PROVIDED INFORMATION section start
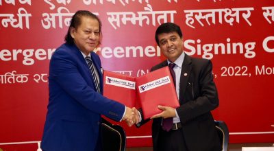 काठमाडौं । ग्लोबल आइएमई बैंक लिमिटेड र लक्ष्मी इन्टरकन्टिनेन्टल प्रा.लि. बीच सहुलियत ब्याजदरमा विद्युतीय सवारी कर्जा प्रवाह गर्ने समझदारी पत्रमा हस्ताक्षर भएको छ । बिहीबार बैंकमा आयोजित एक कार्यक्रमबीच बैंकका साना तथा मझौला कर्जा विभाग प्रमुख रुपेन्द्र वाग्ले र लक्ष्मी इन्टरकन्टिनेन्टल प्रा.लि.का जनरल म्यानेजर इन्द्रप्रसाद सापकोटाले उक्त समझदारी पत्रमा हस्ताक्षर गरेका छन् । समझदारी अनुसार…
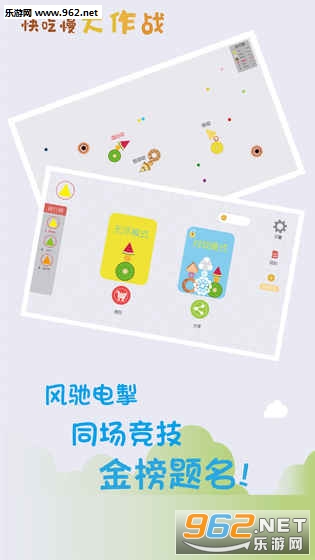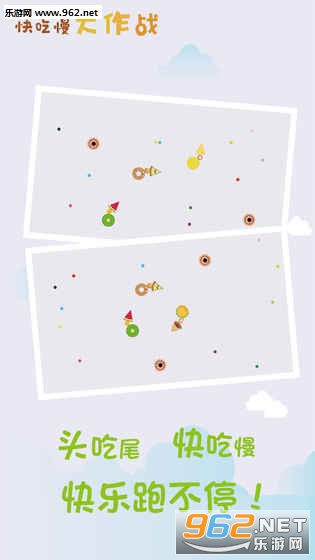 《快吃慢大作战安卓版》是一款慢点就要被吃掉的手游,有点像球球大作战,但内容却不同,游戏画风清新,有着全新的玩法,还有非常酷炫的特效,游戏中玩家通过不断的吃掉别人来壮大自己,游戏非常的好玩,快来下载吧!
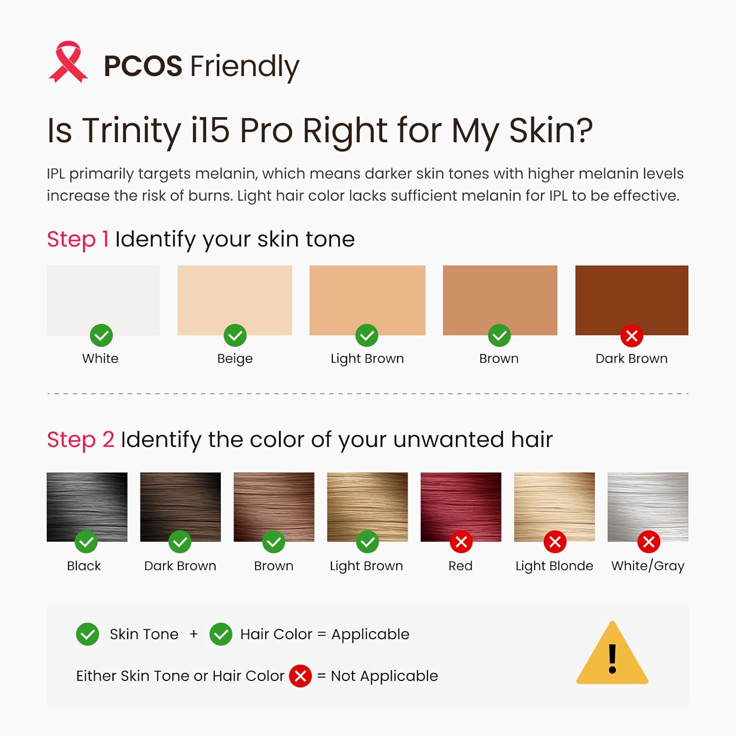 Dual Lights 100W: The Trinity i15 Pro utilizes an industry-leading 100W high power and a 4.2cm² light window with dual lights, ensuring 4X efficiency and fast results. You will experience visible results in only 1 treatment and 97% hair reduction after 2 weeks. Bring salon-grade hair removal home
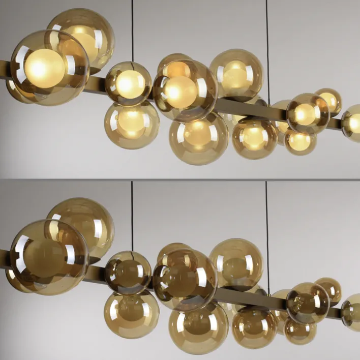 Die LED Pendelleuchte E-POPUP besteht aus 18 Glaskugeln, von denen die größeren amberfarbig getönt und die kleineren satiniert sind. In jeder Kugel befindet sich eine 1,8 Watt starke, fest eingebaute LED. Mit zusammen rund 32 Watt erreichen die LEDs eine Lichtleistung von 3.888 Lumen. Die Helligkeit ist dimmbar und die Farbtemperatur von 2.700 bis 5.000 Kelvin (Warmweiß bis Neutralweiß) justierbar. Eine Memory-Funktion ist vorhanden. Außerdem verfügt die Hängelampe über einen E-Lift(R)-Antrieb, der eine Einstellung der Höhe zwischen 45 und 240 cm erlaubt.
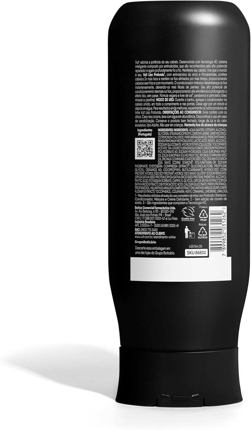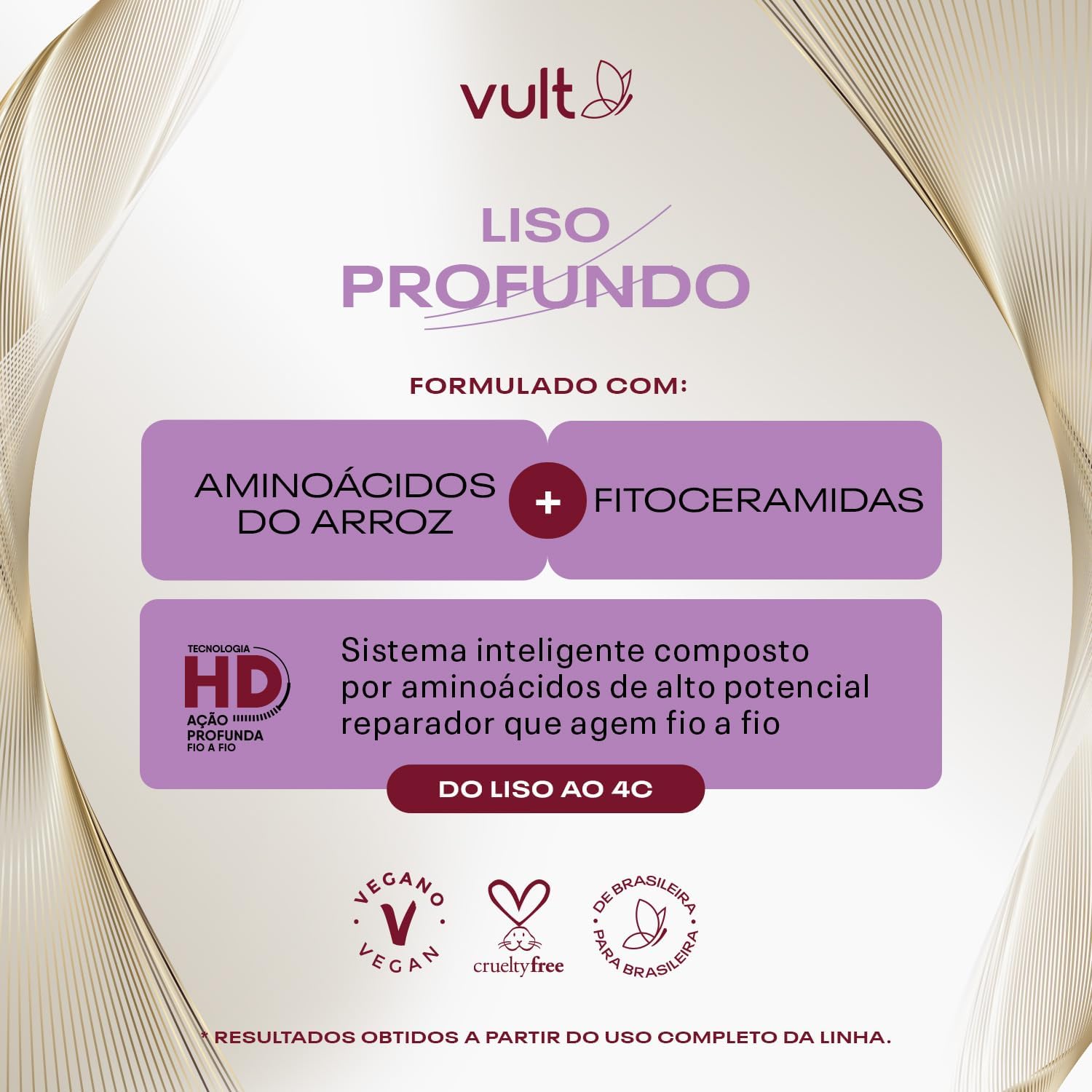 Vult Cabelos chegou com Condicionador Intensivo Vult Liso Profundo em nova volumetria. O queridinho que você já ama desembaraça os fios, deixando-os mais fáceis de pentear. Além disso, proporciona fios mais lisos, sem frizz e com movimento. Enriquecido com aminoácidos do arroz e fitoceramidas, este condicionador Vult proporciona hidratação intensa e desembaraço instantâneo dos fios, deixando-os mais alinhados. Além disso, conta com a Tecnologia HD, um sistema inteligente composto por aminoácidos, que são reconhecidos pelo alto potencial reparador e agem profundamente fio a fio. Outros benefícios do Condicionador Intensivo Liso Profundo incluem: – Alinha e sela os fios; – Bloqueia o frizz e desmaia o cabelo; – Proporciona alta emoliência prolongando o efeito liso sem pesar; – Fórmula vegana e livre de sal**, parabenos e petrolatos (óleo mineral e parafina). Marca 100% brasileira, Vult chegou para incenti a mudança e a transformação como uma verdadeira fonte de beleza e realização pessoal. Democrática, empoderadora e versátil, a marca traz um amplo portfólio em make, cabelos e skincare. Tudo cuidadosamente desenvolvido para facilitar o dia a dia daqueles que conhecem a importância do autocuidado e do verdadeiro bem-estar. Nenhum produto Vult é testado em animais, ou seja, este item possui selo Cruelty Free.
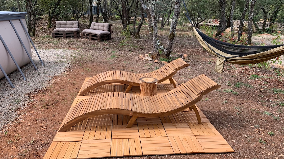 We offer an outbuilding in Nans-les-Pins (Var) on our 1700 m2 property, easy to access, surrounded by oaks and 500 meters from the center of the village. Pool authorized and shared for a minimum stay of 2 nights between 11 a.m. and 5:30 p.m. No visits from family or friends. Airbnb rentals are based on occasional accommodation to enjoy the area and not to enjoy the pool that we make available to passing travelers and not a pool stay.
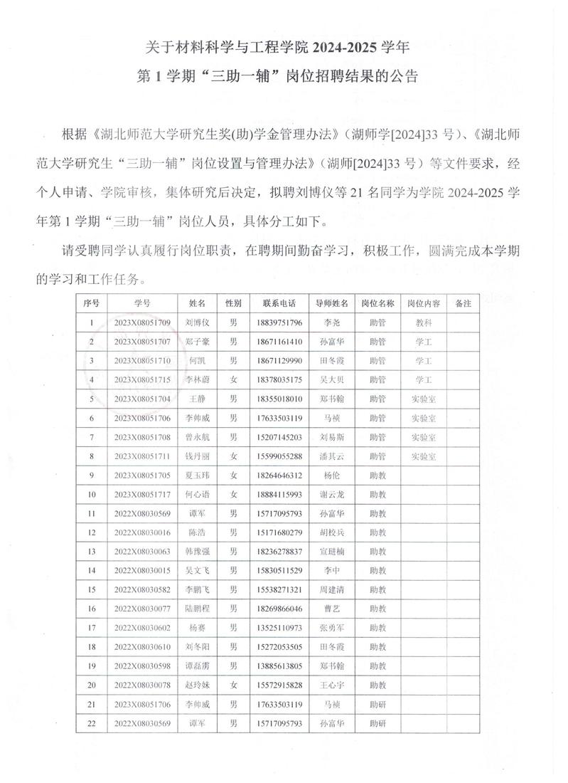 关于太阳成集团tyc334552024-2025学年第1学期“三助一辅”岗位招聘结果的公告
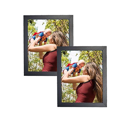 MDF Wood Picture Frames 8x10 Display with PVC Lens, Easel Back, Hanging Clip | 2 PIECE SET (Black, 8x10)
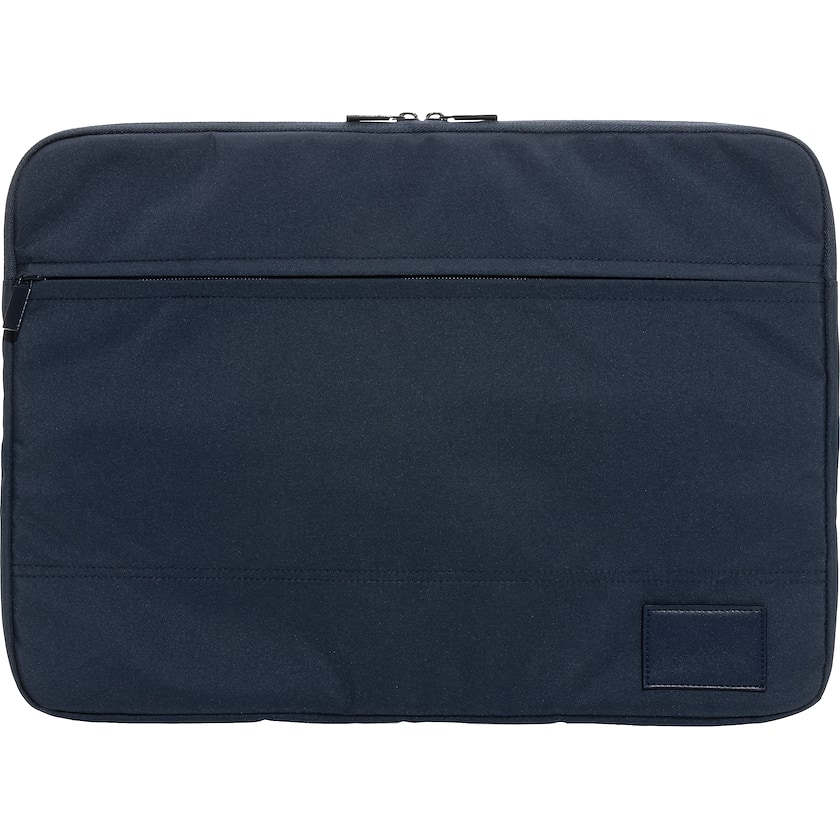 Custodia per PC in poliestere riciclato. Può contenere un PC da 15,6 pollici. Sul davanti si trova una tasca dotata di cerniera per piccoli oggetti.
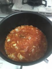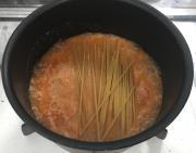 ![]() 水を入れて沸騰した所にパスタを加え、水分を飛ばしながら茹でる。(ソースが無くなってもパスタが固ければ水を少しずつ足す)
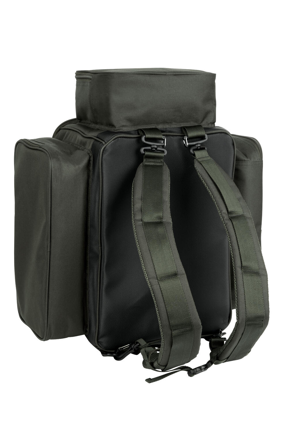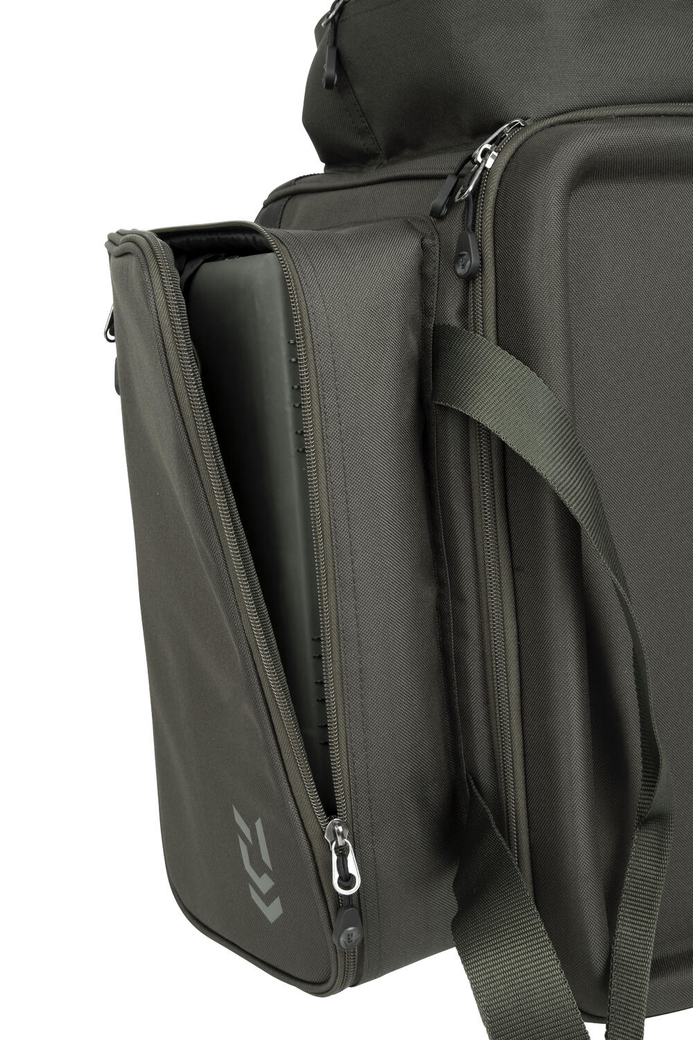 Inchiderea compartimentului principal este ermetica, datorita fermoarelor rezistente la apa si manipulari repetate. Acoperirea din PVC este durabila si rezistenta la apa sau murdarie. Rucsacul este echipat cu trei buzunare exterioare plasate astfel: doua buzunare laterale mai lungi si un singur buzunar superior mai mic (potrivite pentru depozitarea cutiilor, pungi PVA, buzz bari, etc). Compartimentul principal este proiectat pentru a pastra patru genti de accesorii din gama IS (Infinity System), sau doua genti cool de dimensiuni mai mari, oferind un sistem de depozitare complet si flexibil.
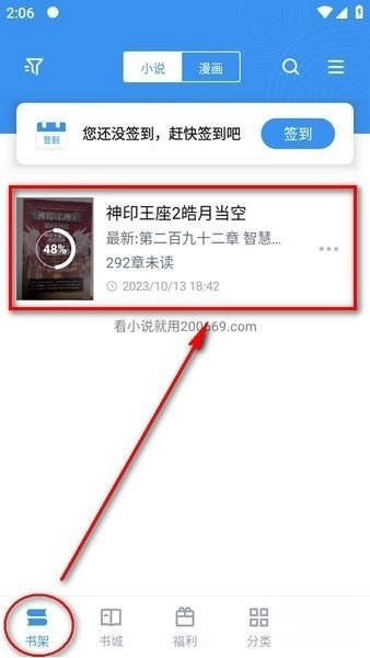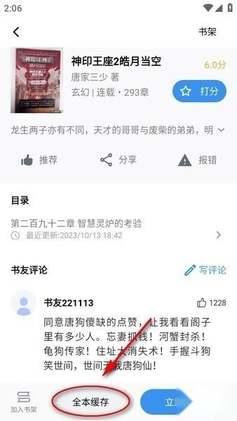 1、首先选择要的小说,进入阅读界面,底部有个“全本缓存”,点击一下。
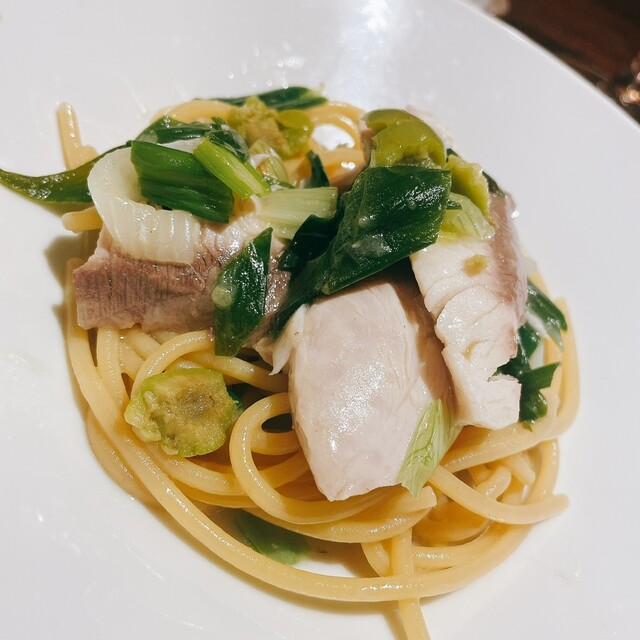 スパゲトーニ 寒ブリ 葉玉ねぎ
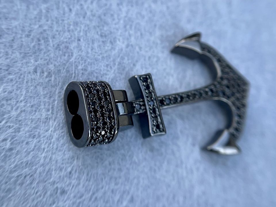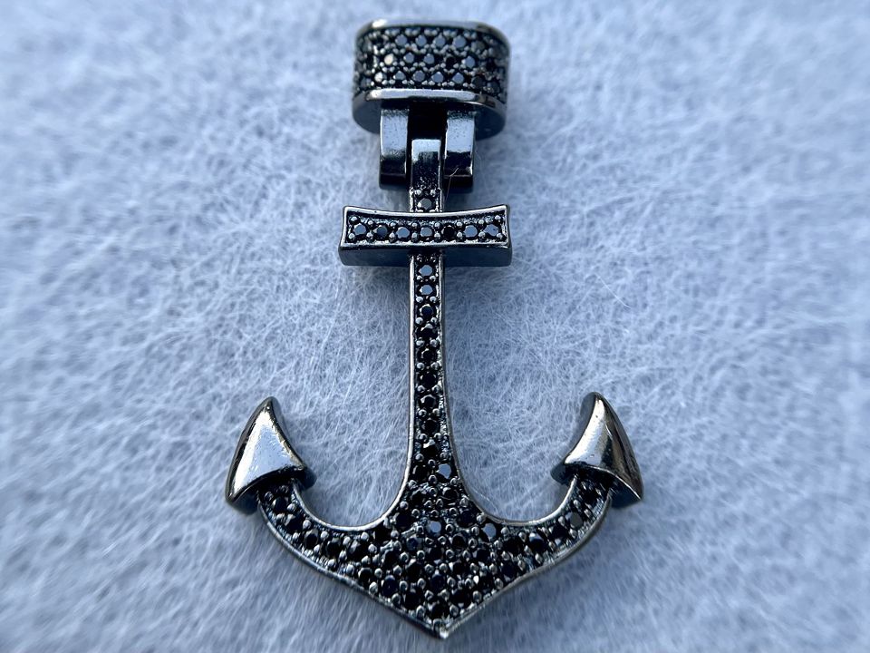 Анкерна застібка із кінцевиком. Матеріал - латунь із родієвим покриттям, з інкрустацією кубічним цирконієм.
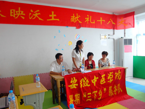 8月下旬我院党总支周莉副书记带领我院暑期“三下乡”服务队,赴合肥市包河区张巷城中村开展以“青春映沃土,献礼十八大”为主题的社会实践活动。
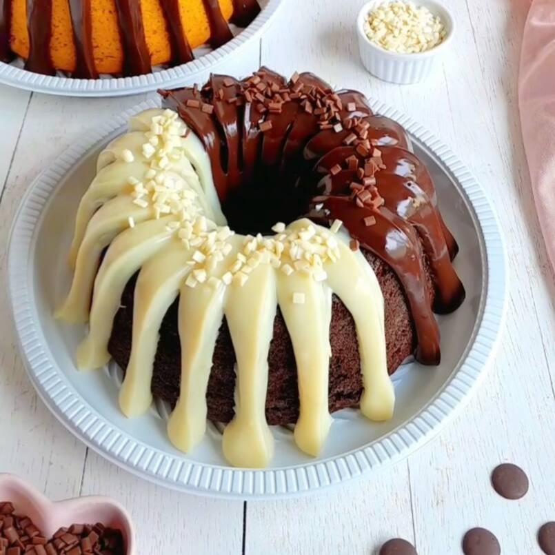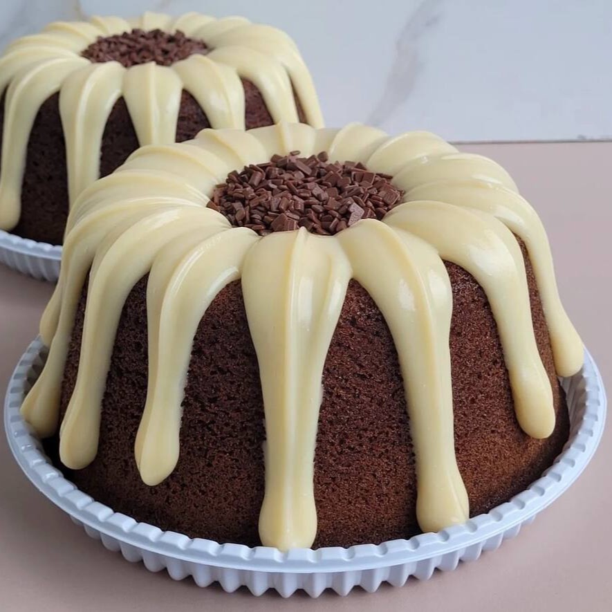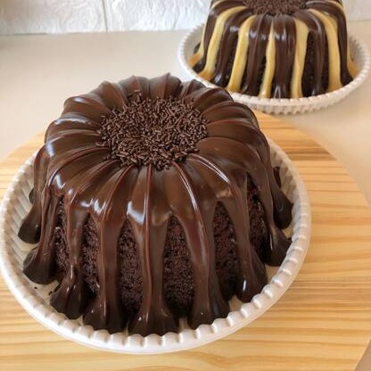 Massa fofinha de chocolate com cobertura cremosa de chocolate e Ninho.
PROVIDED INFORMATION section end
The records need to be restated word for word, minus any images.

*WRITTEN ANSWER:*
 काठमाडौं । ग्लोबल आइएमई बैंक लिमिटेड र लक्ष्मी इन्टरकन्टिनेन्टल प्रा.लि. बीच सहुलियत ब्याजदरमा विद्युतीय सवारी कर्जा प्रवाह गर्ने समझदारी पत्रमा हस्ताक्षर भएको छ । बिहीबार बैंकमा आयोजित एक कार्यक्रमबीच बैंकका साना तथा मझौला कर्जा विभाग प्रमुख रुपेन्द्र वाग्ले र लक्ष्मी इन्टरकन्टिनेन्टल प्रा.लि.का जनरल म्यानेजर इन्द्रप्रसाद सापकोटाले उक्त समझदारी पत्रमा हस्ताक्षर गरेका छन् । समझदारी अनुसार…
 《快吃慢大作战安卓版》是一款慢点就要被吃掉的手游,有点像球球大作战,但内容却不同,游戏画风清新,有着全新的玩法,还有非常酷炫的特效,游戏中玩家通过不断的吃掉别人来壮大自己,游戏非常的好玩,快来下载吧!
 Dual Lights 100W: The Trinity i15 Pro utilizes an industry-leading 100W high power and a 4.2cm² light window with dual lights, ensuring 4X efficiency and fast results. You will experience visible results in only 1 treatment and 97% hair reduction after 2 weeks. Bring salon-grade hair removal home
 Die LED Pendelleuchte E-POPUP besteht aus 18 Glaskugeln, von denen die größeren amberfarbig getönt und die kleineren satiniert sind. In jeder Kugel befindet sich eine 1,8 Watt starke, fest eingebaute LED. Mit zusammen rund 32 Watt erreichen die LEDs eine Lichtleistung von 3.888 Lumen. Die Helligkeit ist dimmbar und die Farbtemperatur von 2.700 bis 5.000 Kelvin (Warmweiß bis Neutralweiß) justierbar. Eine Memory-Funktion ist vorhanden. Außerdem verfügt die Hängelampe über einen E-Lift(R)-Antrieb, der eine Einstellung der Höhe zwischen 45 und 240 cm erlaubt.
 Vult Cabelos chegou com Condicionador Intensivo Vult Liso Profundo em nova volumetria. O queridinho que você já ama desembaraça os fios, deixando-os mais fáceis de pentear. Além disso, proporciona fios mais lisos, sem frizz e com movimento. Enriquecido com aminoácidos do arroz e fitoceramidas, este condicionador Vult proporciona hidratação intensa e desembaraço instantâneo dos fios, deixando-os mais alinhados. Além disso, conta com a Tecnologia HD, um sistema inteligente composto por aminoácidos, que são reconhecidos pelo alto potencial reparador e agem profundamente fio a fio. Outros benefícios do Condicionador Intensivo Liso Profundo incluem: – Alinha e sela os fios; – Bloqueia o frizz e desmaia o cabelo; – Proporciona alta emoliência prolongando o efeito liso sem pesar; – Fórmula vegana e livre de sal**, parabenos e petrolatos (óleo mineral e parafina). Marca 100% brasileira, Vult chegou para incenti a mudança e a transformação como uma verdadeira fonte de beleza e realização pessoal. Democrática, empoderadora e versátil, a marca traz um amplo portfólio em make, cabelos e skincare. Tudo cuidadosamente desenvolvido para facilitar o dia a dia daqueles que conhecem a importância do autocuidado e do verdadeiro bem-estar. Nenhum produto Vult é testado em animais, ou seja, este item possui selo Cruelty Free.
 We offer an outbuilding in Nans-les-Pins (Var) on our 1700 m2 property, easy to access, surrounded by oaks and 500 meters from the center of the village. Pool authorized and shared for a minimum stay of 2 nights between 11 a.m. and 5:30 p.m. No visits from family or friends. Airbnb rentals are based on occasional accommodation to enjoy the area and not to enjoy the pool that we make available to passing travelers and not a pool stay.
 关于太阳成集团tyc334552024-2025学年第1学期“三助一辅”岗位招聘结果的公告
 MDF Wood Picture Frames 8x10 Display with PVC Lens, Easel Back, Hanging Clip | 2 PIECE SET (Black, 8x10)
 Custodia per PC in poliestere riciclato. Può contenere un PC da 15,6 pollici. Sul davanti si trova una tasca dotata di cerniera per piccoli oggetti.
 ![]() 水を入れて沸騰した所にパスタを加え、水分を飛ばしながら茹でる。(ソースが無くなってもパスタが固ければ水を少しずつ足す)
 Inchiderea compartimentului principal este ermetica, datorita fermoarelor rezistente la apa si manipulari repetate. Acoperirea din PVC este durabila si rezistenta la apa sau murdarie. Rucsacul este echipat cu trei buzunare exterioare plasate astfel: doua buzunare laterale mai lungi si un singur buzunar superior mai mic (potrivite pentru depozitarea cutiilor, pungi PVA, buzz bari, etc). Compartimentul principal este proiectat pentru a pastra patru genti de accesorii din gama IS (Infinity System), sau doua genti cool de dimensiuni mai mari, oferind un sistem de depozitare complet si flexibil.
 1、首先选择要的小说,进入阅读界面,底部有个“全本缓存”,点击一下。
 スパゲトーニ 寒ブリ 葉玉ねぎ
 Анкерна застібка із кінцевиком. Матеріал - латунь із родієвим покриттям, з інкрустацією кубічним цирконієм.
 8月下旬我院党总支周莉副书记带领我院暑期“三下乡”服务队,赴合肥市包河区张巷城中村开展以“青春映沃土,献礼十八大”为主题的社会实践活动。
 Massa fofinha de chocolate com cobertura cremosa de chocolate e Ninho.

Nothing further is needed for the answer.